Même si Tesla est incontestablement la marque de voiture électrique la plus connue, c’est bien la Chine qui domine aujourd’hui cette industrie, notamment du côté des modèles les plus abordables. Mais Renault semble sur le point de mettre un grand coup de pied dans la fourmilière ; selon une information de Motorpasion relayée par Presse-Citron, le constructeur français serait en train de préparer une petite voiture électrique à un prix ultra-compétitif.
Si Renault semble aussi déterminée à faire preuve d’agressivité sur ce terrain, c’est parce qu’avec l’infrastructure, le prix reste l’un des principaux obstacles à la démocratisation de cette catégorie de véhicules. Même Tesla, qui a pourtant pris grand soin de se construire une image de marque luxueuse et avant-gardiste, a récemment présenté de nouveaux modèles un peu plus abordables afin de rester compétitive.
Les batteries LFP, la clé des véhicules électriques pas chers
Mais sur ce segment, c’est bien la Chine qui domine de la tête et des épaules. En l’espace de quelques années, le pays de Xi Jinping a inondé le marché de véhicules électriques à bas prix, notamment en s’appuyant sur un avantage compétitif majeur : sa capacité à produire des batteries à moindre coût.
Cet avantage résulte notamment du statut de plaque tournante de la Chine ; elle domine une grande partie de la chaîne de valeur dans l’industrie des batteries. Cela concerne évidemment ses capacités de production sans équivalent, mais aussi une ressource critique, à savoir le lithium qui est au cœur du fonctionnement de ces composants. En effet, à l’heure actuelle, environ 70 % du raffinage mondial de ce métal se déroule sur le territoire chinois.
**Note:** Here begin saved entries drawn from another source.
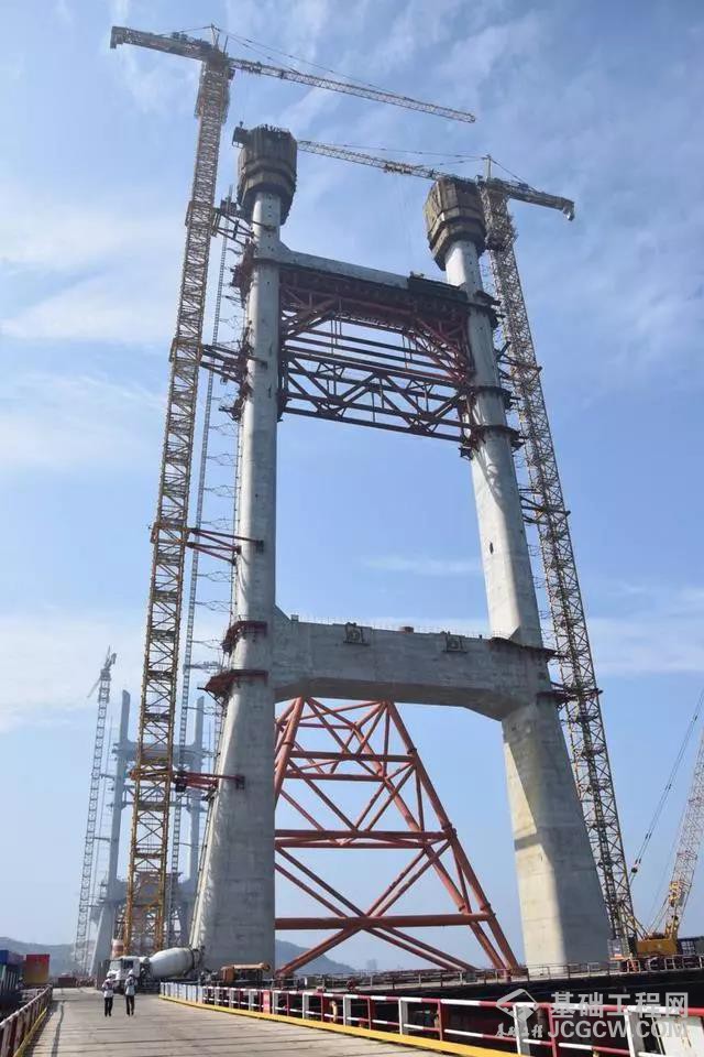 我国首座海峡公铁两用大桥主塔封顶 明年将通车
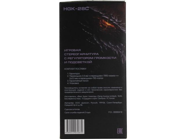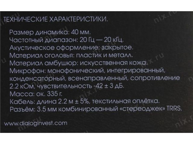Наушники с микрофоном Dialog Gan-Kata HGK-28C (шнур 2.2м, с регулятором громкости)
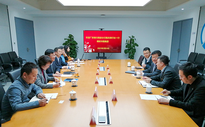 2月24日下午,廣發銀行西安分行副行長陳洪濤一行到訪灃西集團座談交流。灃西集團黨委書記、董事長楊建柱,總經理姜勤發,總經理助理王莉參加。
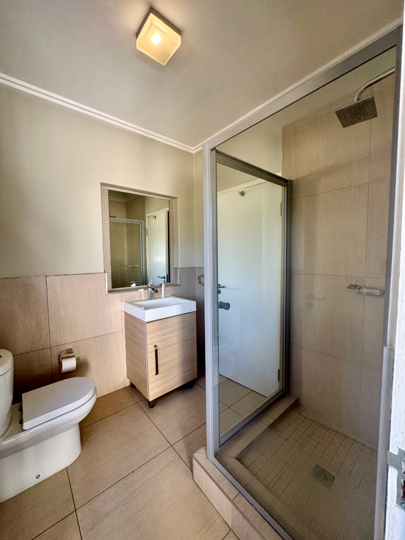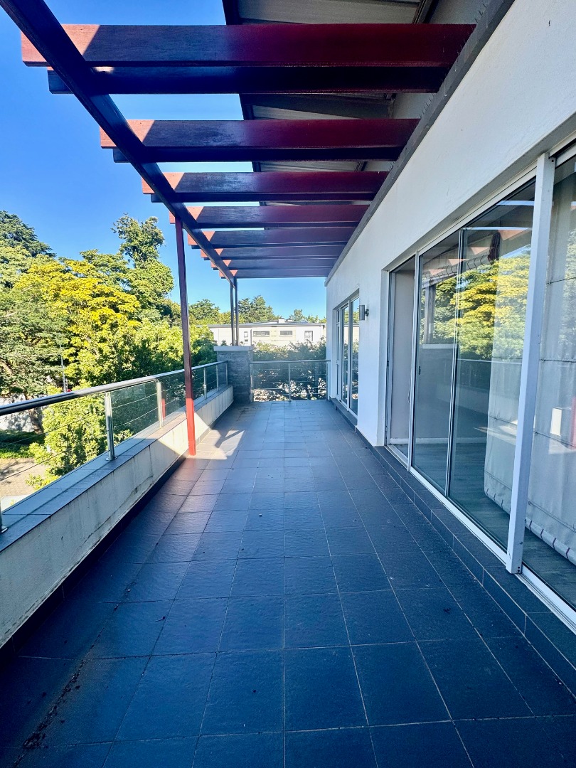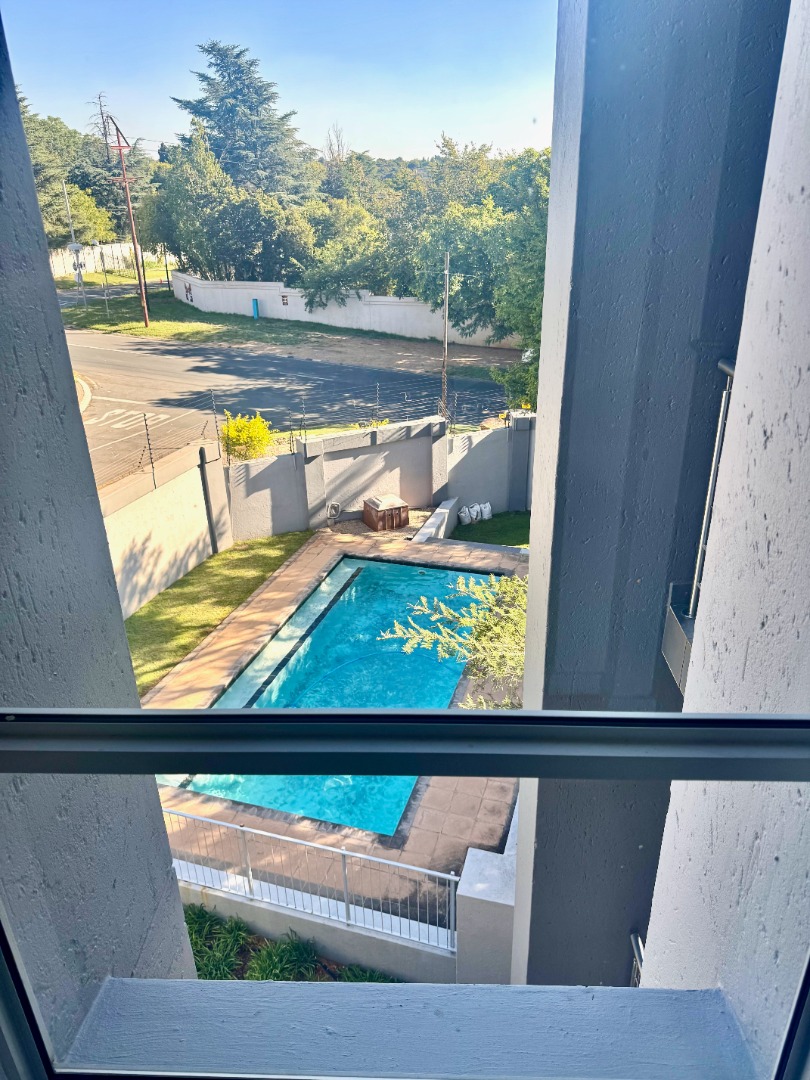 Step outside to the magnificent, spacious balcony, an entertainer's dream. Adorned with a charming pergola and a glass railing, it offers unobstructed scenic views, creating a picturesque backdrop for relaxation or al fresco dining. Residents also benefit from access to a communal swimming pool and two dedicated parking bays, enhancing the lifestyle offering. The complex provides paramount security with 24-hour surveillance, a security post, and controlled access, ensuring peace of mind in this vibrant metropolitan hub.

Cela a permis au pays de produire des quantités astronomiques de batteries LFP (lithium-fer-phosphate). Ces dernières offrent une densité énergétique plus faible que celle des batteries NMC (nickel-manganèse-cobalt), historiquement privilégiées par les constructeurs européens ; mais elles sont aussi plus stables et surtout nettement moins chères que ces dernières, avec un coût par cellule inférieur de 30 à 50 % — un facteur déterminant dans la compétitivité des véhicules chinois.
Renault aux avant-postes
C’est là qu’intervient Renault. Le fleuron français semble avoir pris bonne note de cette stratégie ; selon Motorpasion, il va s’appuyer sur ces batteries LFP pour transformer sa gamme. « L’année prochaine, nous aurons une deuxième batterie, LFP, dans tous les véhicules Renault », a déclaré le PDG François Provost au Motor Show de Munich.
La première voiture à en bénéficier sera apparemment une nouvelle Twingo, spécifiquement conçue pour répondre à l’offensive tarifaire de l’industrie chinoise. Malgré son autonomie modeste (environ 250 km selon certaines sources comme EVMagz), elle bénéficiera d’un atout majeur : un prix d’appel ultra-compétitif à moins de 20 000 €.
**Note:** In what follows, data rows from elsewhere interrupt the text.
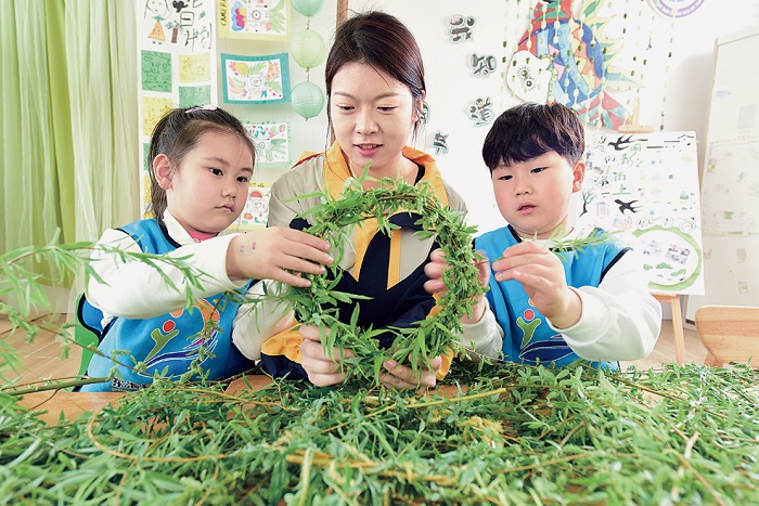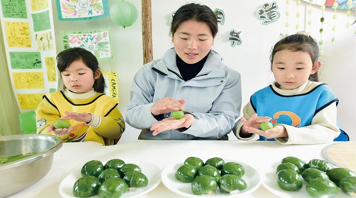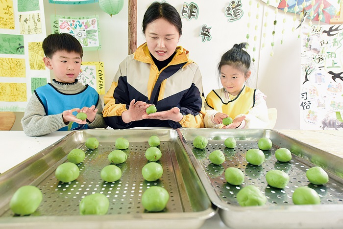 日前,东海县第三幼儿园开展“做青团、戴柳帽、迎清明”主题传统民俗班会,小朋友在老师指导下,通过学习制作手工青团,编柳帽、戴柳帽,体验清明节传统民俗,感受中华文化博大精深的魅力。
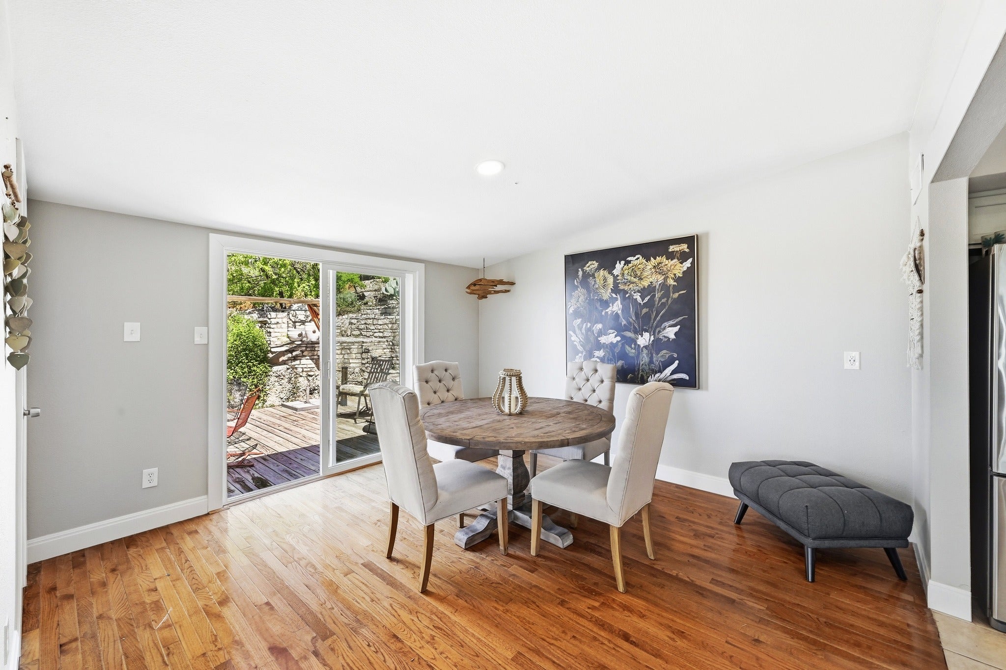 Iconic Mid-Century Lakeway Retreat with Sweeping Lake Travis Views! LAKEVIEW home offering stunning, PANORAMIC views of Lake Travis and the relaxed charm of Hill Country living. Thoughtfully designed with the main living level elevated to capture sweeping VIEWS, this mid-century home is filled with natural light and timeless character. Designed with an open floor plan, HARDWOOD FLOORING, UPDATED KITCHEN, and abundant natural light, the home provides an inviting flow between the living, dining, and kitchen. A wall of windows and sliding doors frame the views and open to outdoor living, while the main living area is anchored by a natural stone fireplace. The spacious primary suite is located on the main level, offering convenience and privacy, while the lower-level features two additional bedrooms and a full bath, ideal for guests, family, or a dedicated retreat space. Step outside to enjoy the flowing water fountain and multi-level living spaces. Perfectly positioned to take in breathtaking lake views, sunsets, and peaceful Hill Country evenings. Across the street, approximately six acres of city-owned parkland enhance both privacy and the natural setting, with frequent visits from deer, hummingbirds, and other native wildlife that make Lakeway so special. Additional features include an oversized 2.5-car garage with room for a golf cart, a covered parking space with direct access into the laundry room, tall ceilings, generous storage throughout, and an abundance of natural light in every room. Situated on a sizeable lot in the heart of Original Lakeway, just steps from Lake Travis access, golf courses, parks, shopping, dining, and highly regarded Lake Travis ISD schools, this home offers a rare opportunity to own a truly distinctive property with incredible views, character, and versatility-whether as a full-time residence or a dreamy lock-and-leave retreat. WALK to Lakeway Resort and Marina! LOW QUIET, CUL-DE-SAC STREET! LOW tax rate and NO HOA!
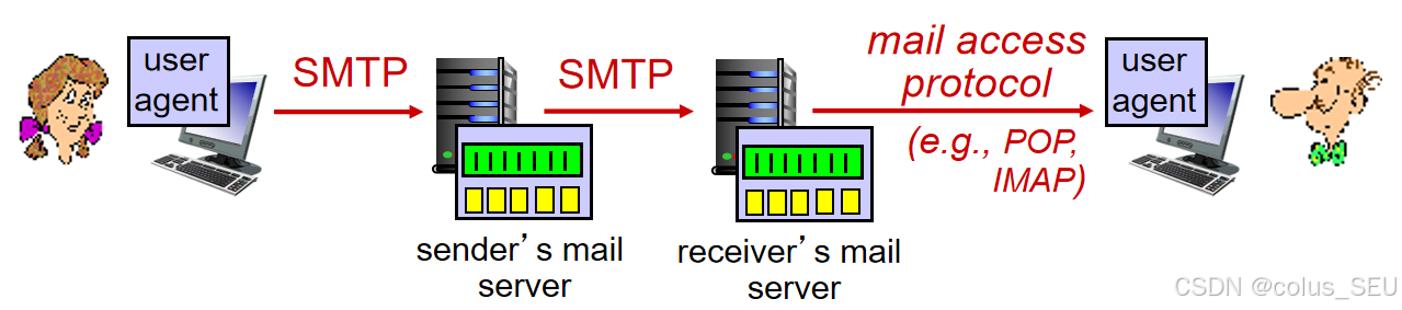 定义:应用层协议定义了运行在不同端系统上的应用程序进程如何相互传递报文。它精确规定了:

Et la facture réelle pourrait même être encore plus basse en pratique. En effet, sa batterie LFP sera apparemment construite sur le territoire européen. Et c’est tout sauf anecdotique, puisque cela rendrait théoriquement la nouvelle Twingo éligible à un bonus écologique de plusieurs milliers d’euros.
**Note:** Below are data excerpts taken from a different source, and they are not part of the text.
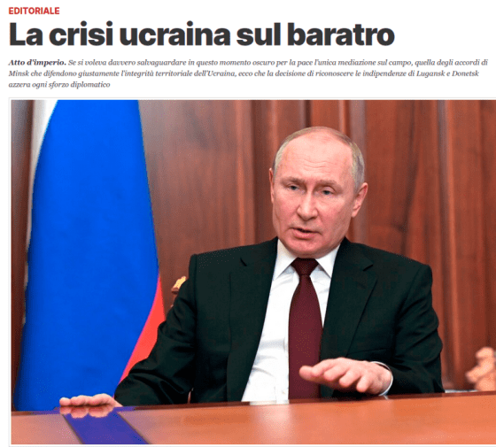 Di – Tommaso Di Francesco, 22.02.2022 Atto d’imperio Se si voleva davvero salvaguardare in questo momento oscuro per la pace … Altro
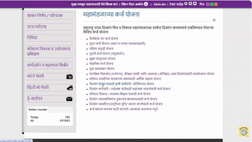 मित्रांनो, Divyang Scheme Maharashtra अंतर्गत महाराष्ट्र शासन आणि महाराष्ट्र राज्य दिव्यांग वित्त व विकास महामंडळ (MSHFDC) मार्फत दिव्यांग नागरिकांसाठी अनेक महत्वाच्या योजना राबवल्या जातात. या योजनांमध्ये कर्ज योजना, व्यवसायासाठी सहाय्य, शिक्षणासाठी कर्ज, महिला समृद्धी योजना, कृषी संजीवनी योजना, तसेच Shop on Vehicle सारख्या योजनांचा समावेश आहे.
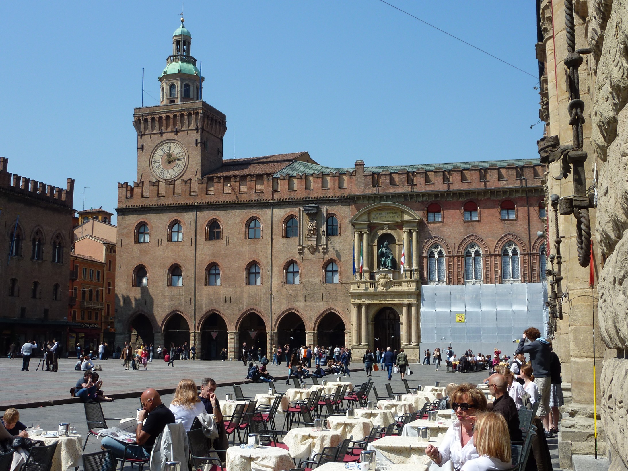 Ne approfitto per fare qualche scatto in Piazza Maggiore e con la solita sfiga che mi ritrovo, sono in corso restauri praticamente ovunque… 😦
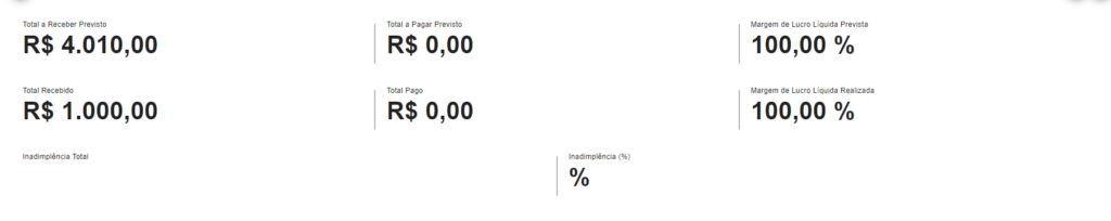 - Inadimplência Total: Soma dos valores não recebidos no período, indicando o montante de inadimplência;
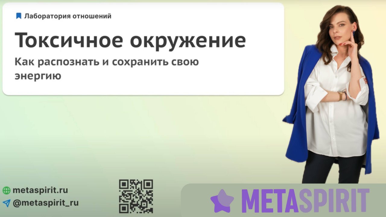 ℹ️ Разобрали: 🟡 Кто такие токсичные люди и окружение? 🟡 Типы таких людей 🟡 Главные характеристики и признаки 🟡 Что забирают такие люди в нашей жизни? 3️⃣ Практические техники защиты 1️⃣ Письменная практика для анализа окружения 😮 А в дополнение раскрытия темы ⤵️ Подготовили: 1️⃣ Чек-лист: 10 признаков токсичного общения (Чтобы с первого слова распознавать манипуляцию.) 2️⃣ Шпаргалка: экологичные фразы для защиты границ (Готовые формулы ответов, чтобы говорить уверенно и без чувства вины.) 🚾 Работа кипит, уроки записываются. Наша платформа с полноценными уроками по трансформации сознания скоро откроет двери. Чтобы не пропустить старт — подписывайтесь на канал и жмите на колокольчик! Все самое интересное в нашем Канале: 🚀 Telegram: https://t.me/metaspirit_ru С заботой о Вас, место Силы, Вдохновения и Трансформации МЕТАСПИРИТ⭐️ #токсичныелюди #психологияотношений #манипуляция #энергетическиевампиры #какзащититьсебя #психологическаязащита #саморазвитие #психология #метаспирит #границыличности #токсичноеокружение #какраспознать #защитаотманипуляций #психологияобщения #чеклист #практика #самопомощь #духовныйрост #трансформация
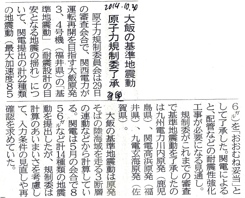 | [2014_10_30_01]大飯の基準地震動 原子力規制委了承(東奥日報2014年10月30日) |
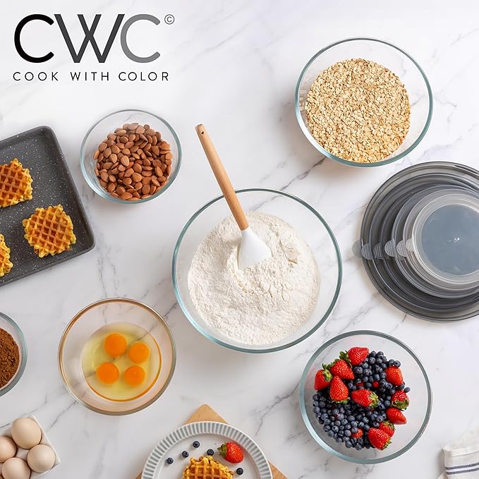 COOK WITH COLOR 12 Pc Glass Mixing Bowl Set with Lids – Borosilicate Glass Nesting Bowls for Cooking, Baking and Meal Prep, Gray

Par la suite, d’autres véhicules, dont une Mégane E-Tech, pourraient suivre avec la même philosophie. Cela sera-t-il suffisant pour concurrencer les mastodontes chinois comme BYD, ou les autres marques européennes comme Dacia, qui se sont positionnées sur ce segment d’entrée de gamme ? Difficile à dire en l’état, puisque Renault est restée relativement discrète sur le sujet jusqu’à présent. Mais il sera intéressant de suivre l’évolution de ce projet de transition technologique qui, dans l’idéal, pourrait marquer un tournant significatif pour l’industrie française.